• **Exercise brief**
Work through the listing below and give again exactly the lines from the one with "屋外の装飾のためのナマステド" to the one with "Elegant Gatherings. |", both ends included. All other lines and all pictures stay out.

• **Records to process**
■ ■ ■

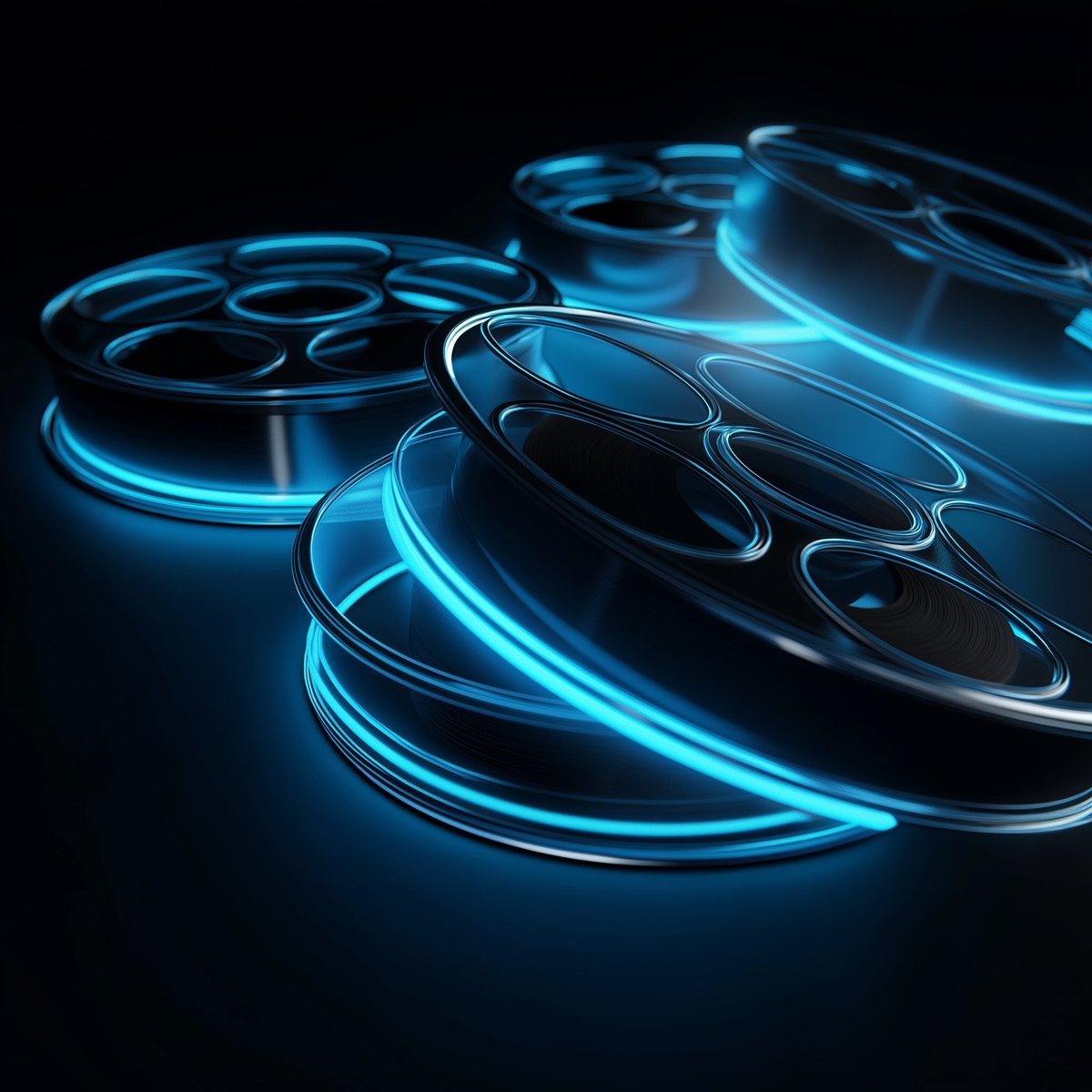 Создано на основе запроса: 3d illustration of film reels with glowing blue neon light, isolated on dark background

■ ■ ■

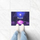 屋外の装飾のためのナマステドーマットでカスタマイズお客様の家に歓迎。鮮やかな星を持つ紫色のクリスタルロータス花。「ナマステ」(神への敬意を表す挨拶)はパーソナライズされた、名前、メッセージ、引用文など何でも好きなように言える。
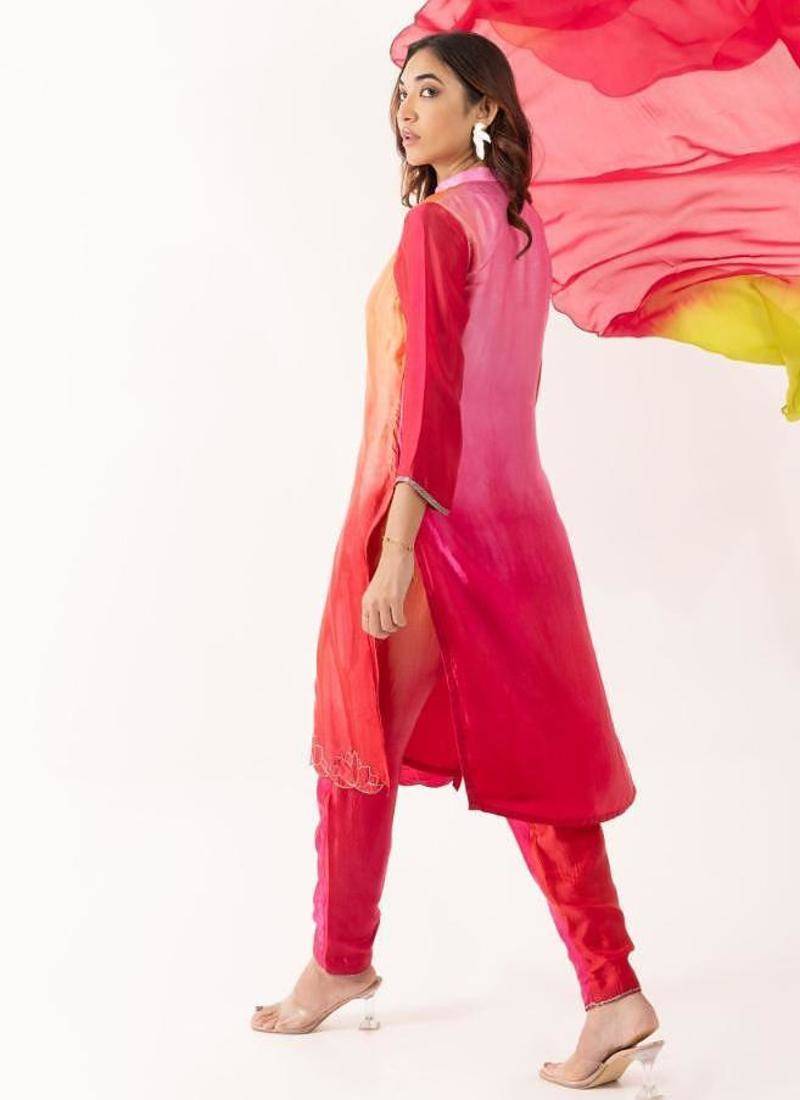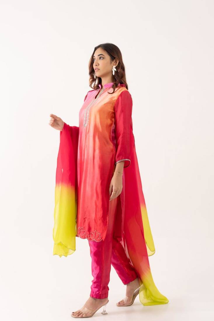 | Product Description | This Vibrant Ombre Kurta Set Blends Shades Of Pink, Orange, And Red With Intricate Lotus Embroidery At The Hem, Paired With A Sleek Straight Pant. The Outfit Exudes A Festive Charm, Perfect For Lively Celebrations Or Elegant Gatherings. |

■ ■ ■

• **Expected answer**
 屋外の装飾のためのナマステドーマットでカスタマイズお客様の家に歓迎。鮮やかな星を持つ紫色のクリスタルロータス花。「ナマステ」(神への敬意を表す挨拶)はパーソナライズされた、名前、メッセージ、引用文など何でも好きなように言える。
 | Product Description | This Vibrant Ombre Kurta Set Blends Shades Of Pink, Orange, And Red With Intricate Lotus Embroidery At The Hem, Paired With A Sleek Straight Pant. The Outfit Exudes A Festive Charm, Perfect For Lively Celebrations Or Elegant Gatherings. |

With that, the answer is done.